I have a blind spot for “found-footage” films. I almost called it a genre, but that wouldn’t be right. Like animation, found-footage could probably tell any type of story. Done well, they create an unsettling illusion of reality, and they’ve found a warm home in the horror/suspense camp. At its best, horror extrapolates our nightmares and daydreams, and Amber Alert goes the distance on a daydream more than a few drivers have probably had roaming the freeway.
The film begins with an admonition to create the illusion: what you’re about to see was admitted into evidence by the police the day after it was filmed. Two friends, Nathan and Samantha, with a little help from Samantha’s little brother, spend a day making an audition tape for their favorite reality show. Wired for action, they tour their favorite haunts, even Samantha’s workplace. On the road, headed to another location for filming, they spot a car with a license plate matching the one flashed across a freeway amber alert. At first, they do the logical thing and call the police. They do their best to follow the car at a distance, but the police are too many minutes away, separated by a growing number of miles.
The suspect car stops for gas; Nathan and Samantha park in an adjoining lot to keep tabs.

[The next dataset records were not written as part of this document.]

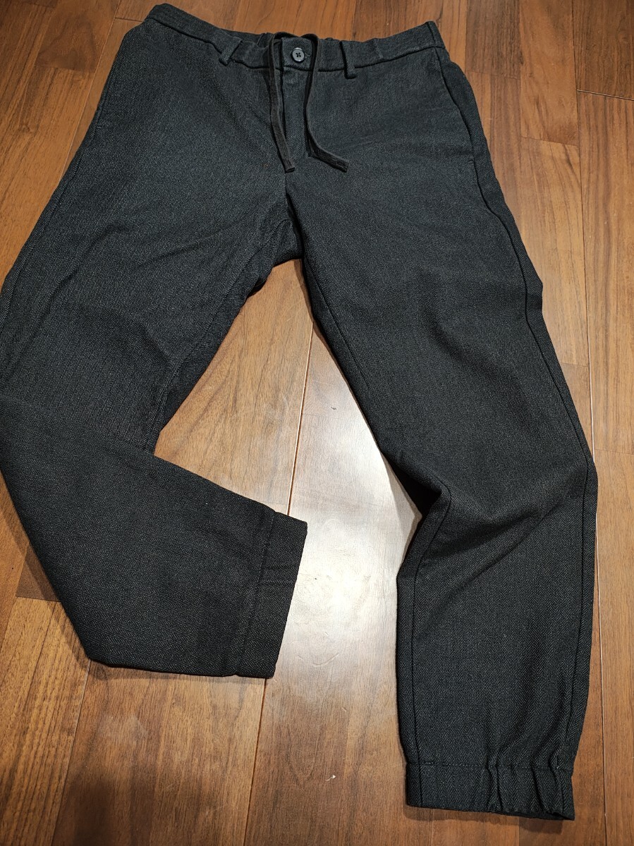 > ユニクロ ヘリンボーン織り生地 ジョガーパンツ イージーパンツ スリム サイズM メンズ 濃グレー
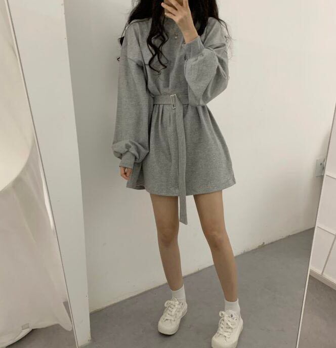 ベルトウエストマーク ワンピース ミニ丈 ショート 長袖 かわいい おしゃれ レトロ 大人可愛い キュート ガーリー 通勤 通学 デート 韓国系 ファッション 黒 ブラック 灰色 グレー AS10079
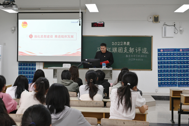 为树立典型,表彰优秀团支部,激励团员青年积极向上,提高思想认识。2023年4月,beat365亚洲体育官方网站组织开展院内红旗团支部评选,教育科学公司党总支书记吴月华、副书记胡芳及全体辅导员出席评选,全体同学参加。
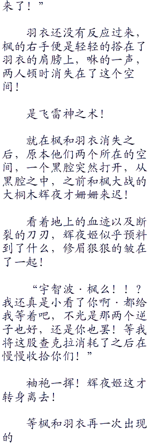 枫咻的一声收回了樱花凋落的千本樱,漆黑的武装色霸气宛如一缕青烟一般消散在剑刃和枫的手掌之上!

Now, here’s where the movie lets you know it’s a contender. As soon as the driver of the car heads into the convenience store, Samantha rushes in for some quick recon. One of the car’s rear windows is open just a crack, and she sees a little girl asleep on the backseat. On the impulse of some very quick and creative thinking, Samantha remembers she’s wired, and tosses her mic in the car. Now they have an ear inside the car, and everything unfolds from that point in ways both expected and unexpected.
While the film hits a few familiar beats, it works in some clever surprises, each of which build on earlier set ups with admirable precision. A lag in the second act probably has more to do with an inherent pitfall of the found-footage gag. Everything has to look natural to pull off the illusion, and the film succeeds at this so well that Nathan and Samantha start to get a little petulant and annoying. In other words, they sound like ordinary people under duress.

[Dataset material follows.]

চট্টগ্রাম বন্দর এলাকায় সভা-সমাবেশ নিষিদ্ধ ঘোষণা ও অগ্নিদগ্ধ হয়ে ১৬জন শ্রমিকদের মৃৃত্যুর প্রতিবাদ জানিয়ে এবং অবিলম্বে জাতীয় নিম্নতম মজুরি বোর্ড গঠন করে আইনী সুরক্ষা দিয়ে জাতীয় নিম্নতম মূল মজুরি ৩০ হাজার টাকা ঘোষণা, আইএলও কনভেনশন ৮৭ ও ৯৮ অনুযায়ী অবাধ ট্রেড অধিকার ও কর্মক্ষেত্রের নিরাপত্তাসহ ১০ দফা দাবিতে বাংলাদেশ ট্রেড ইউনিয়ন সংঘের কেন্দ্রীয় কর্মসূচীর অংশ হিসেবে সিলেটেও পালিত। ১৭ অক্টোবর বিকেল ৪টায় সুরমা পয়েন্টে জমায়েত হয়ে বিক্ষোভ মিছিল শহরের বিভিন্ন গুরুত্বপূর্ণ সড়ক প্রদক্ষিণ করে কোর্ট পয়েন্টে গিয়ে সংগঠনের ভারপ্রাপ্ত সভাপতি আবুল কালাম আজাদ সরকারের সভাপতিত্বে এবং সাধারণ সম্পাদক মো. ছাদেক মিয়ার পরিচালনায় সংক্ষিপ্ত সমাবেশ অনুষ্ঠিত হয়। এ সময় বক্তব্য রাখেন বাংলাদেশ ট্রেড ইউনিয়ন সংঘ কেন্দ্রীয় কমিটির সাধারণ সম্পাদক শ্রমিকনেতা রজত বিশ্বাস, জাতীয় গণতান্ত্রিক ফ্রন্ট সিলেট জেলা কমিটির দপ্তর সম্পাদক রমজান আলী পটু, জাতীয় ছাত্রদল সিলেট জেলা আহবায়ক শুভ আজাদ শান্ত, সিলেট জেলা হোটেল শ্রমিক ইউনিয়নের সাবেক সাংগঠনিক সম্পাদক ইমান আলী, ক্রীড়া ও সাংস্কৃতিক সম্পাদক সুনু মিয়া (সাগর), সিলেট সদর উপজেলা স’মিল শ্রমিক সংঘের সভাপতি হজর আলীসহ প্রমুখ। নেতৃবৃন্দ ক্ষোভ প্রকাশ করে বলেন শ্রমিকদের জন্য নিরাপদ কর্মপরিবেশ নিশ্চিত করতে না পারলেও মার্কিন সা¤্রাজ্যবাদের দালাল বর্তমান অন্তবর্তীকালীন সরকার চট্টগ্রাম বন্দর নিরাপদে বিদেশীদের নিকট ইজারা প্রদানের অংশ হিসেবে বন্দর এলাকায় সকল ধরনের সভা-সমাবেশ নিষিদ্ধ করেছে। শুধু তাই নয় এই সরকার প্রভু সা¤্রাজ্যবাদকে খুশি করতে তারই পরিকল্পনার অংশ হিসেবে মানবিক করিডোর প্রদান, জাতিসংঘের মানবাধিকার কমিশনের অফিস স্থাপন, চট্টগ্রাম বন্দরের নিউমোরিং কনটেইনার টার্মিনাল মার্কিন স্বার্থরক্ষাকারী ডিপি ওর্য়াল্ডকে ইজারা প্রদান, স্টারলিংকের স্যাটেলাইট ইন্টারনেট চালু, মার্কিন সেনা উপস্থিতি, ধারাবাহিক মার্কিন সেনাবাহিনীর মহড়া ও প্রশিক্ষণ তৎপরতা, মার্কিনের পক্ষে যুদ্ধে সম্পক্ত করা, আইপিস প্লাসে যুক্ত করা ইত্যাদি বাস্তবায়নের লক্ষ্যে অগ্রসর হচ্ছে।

Nothing in the first two acts looks overly rehearsed, except the pieces where Nathan and Samantha perform for the camera as part of their audition. Everything else looks natural, so much so that I want to believe the performers ad-libbed most of the film. Samantha’s little brother Caleb takes a literal back seat to most of the action, but the film puts him to good use. As cameraman, his voice only intrudes here and there to ask a question the audience needs answered, like why they keep filming. He’s a good conduit, and that small moment in particular provides some solid interior logic for the story, as well as a glimpse into how Samantha’s mind works.

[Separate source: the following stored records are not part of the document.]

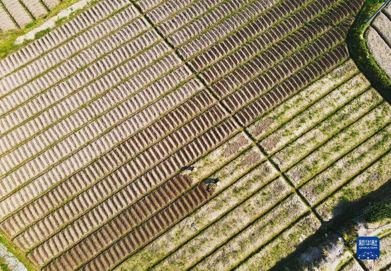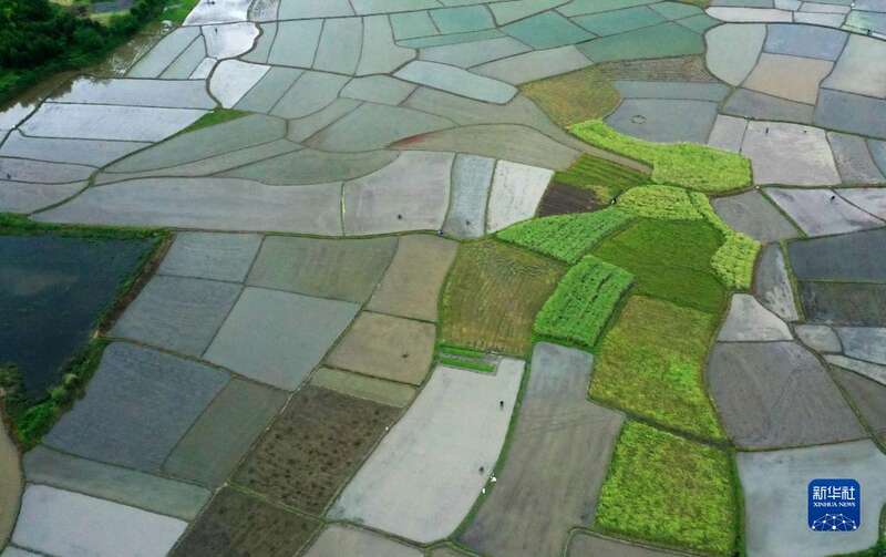 4月17日,湖南省常宁市庙前镇双凤村农民在整理农田(无人机照片)。
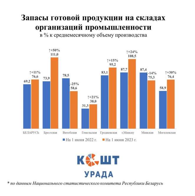 Ситуация с запасами на промскладах по регионам существенно различается. В Брестской области на 1 июня 2023 года складские запасы превышали месячный объем производства на 111,0%, а в Гомельской их было только на треть от месячного объема производства (38%). Кроме того, месячный объем лежит на складах Гродненской области и в столице.
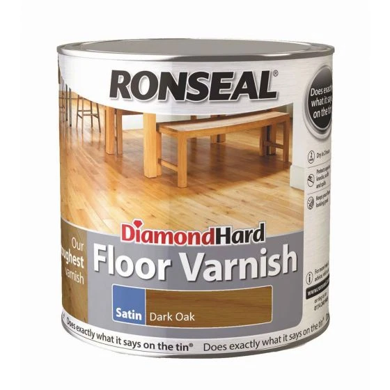 Ronseal Diamond Hard Floor Varnish Dark Oak Satin is a fast-drying water-based floor varnish, designed to protect your wooden floors from shoes, knocks, scuffs, and spills by forming a strong protective coating. This product is very fast drying in only 30 minutes.
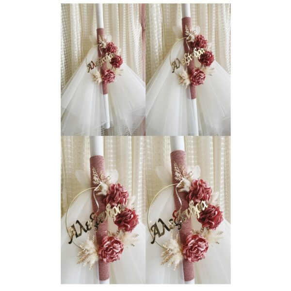Λαμπάδα βάπτισης ” Ρομαντική με Μονόγραμμα “
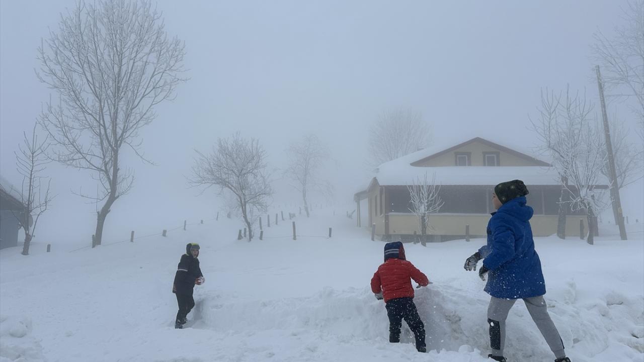 Ormanlık alanıyla her mevsim, fotoğraf tutkunları başta olmak üzere ziyaretçilerin ilgi odağı olan yaylaya aileleriyle gelen çocuklar karın tadını çıkardı.
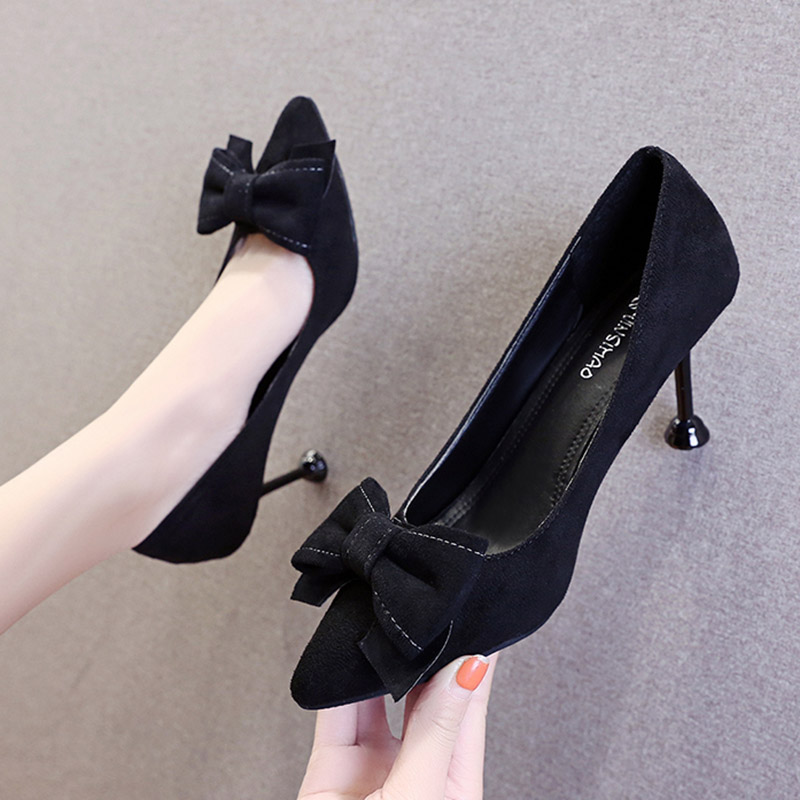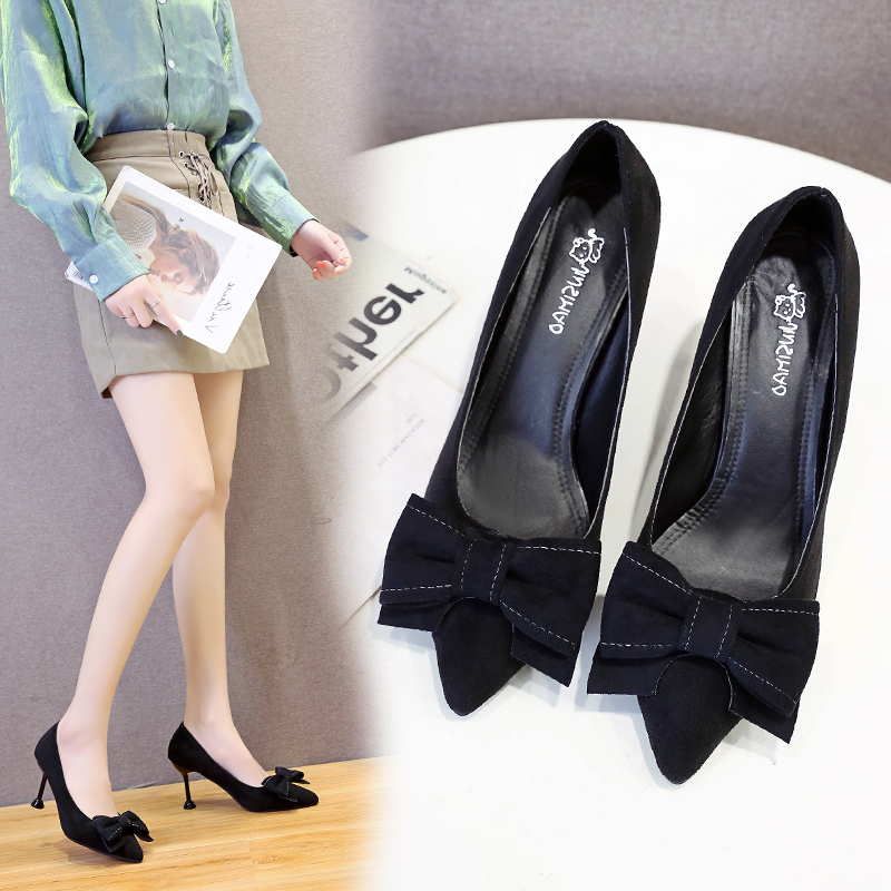 Cheap Women’s Pumps, Buy Quality Shoes Directly from China Suppliers:Spring Women Boat Shoes Faux Suede High Heels Dress Shoes Pointed Toe Butterfly Knot Pumps Thin Heeled Ladies Office Shoe 8882N
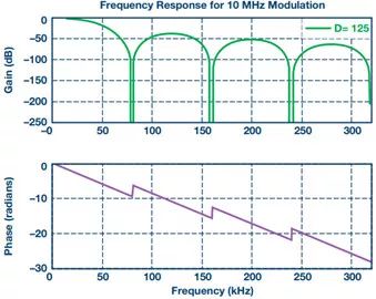 在图 2 中,绕组分流器用于测量电机绕组电流,隔离式 ADC 用于在隔离栅上传输 10 MHz 数据流。Sinc 滤波器可将高分辨率电流数据提交给电机控制算法,该算法会计算施加所需逆变器电压需要的逆变器占空比。另一个低分辨率滤波器可检测电流过载,并在出现故障时将跳变信号发送至 PWM 调制器。Sinc 滤波器频率响应曲线解释说明了合适的参数选择如何能够使滤波器抑制电流采样中的 PWM开 关纹波。
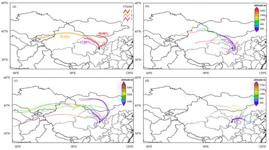Figure 4 illustrates the backward trajectories of atmospheric pollutants from 17 to 23 April. Overall, as shown in Figure 4a and Table 3, the backward trajectory clustering of the atmospheric pollutants during this period can be divided into three groups, with 14, 9, and 5 trajectories in each cluster, respectively. Cluster 1 contains the most trajectories, while Cluster 2 exhibits higher average concentrations of PM2.5 and PM10. Collectively, Clusters 1 and 2, with their higher trajectory counts and particulate concentrations, represent the primary sources of dust for this storm. The main pathways of these dust particles include central and western Mongolia, northern Ningxia, the five Central Asian countries (Kazakhstan, Kyrgyzstan, Tajikistan, Uzbekistan, and Turkmenistan), the Junggar Basin, and the border regions between Gansu and Inner Mongolia.

Samantha emerges as the best thing about the film; a creative, determined heroine who has to struggle to pull her friend along with her. Nathan struggles with an number of insecurities, all of which linger under the surface until this crisis forces everyone to have to deal with them. He’s given many chances to muster his courage and fails at every single one of them. When the chips are down, though, Nathan finally forces himself to step up. By that point, however, we’re forced to wonder if things may have gone differently had he made the decision to man up a little earlier.
The final minutes resort to a bit of a cheat to manufacture suspense on top of what the film has already achieved. The film tries to give it a logical explanation, but it’s the only time the film switches from looking like something spontaneous to something crafted and manufactured. With a little tweaking, even one added line of dialog, it might have made more sense. As it is, it loses a small amount of well-established momentum leading up to ten final seconds that punch the wind right out of you.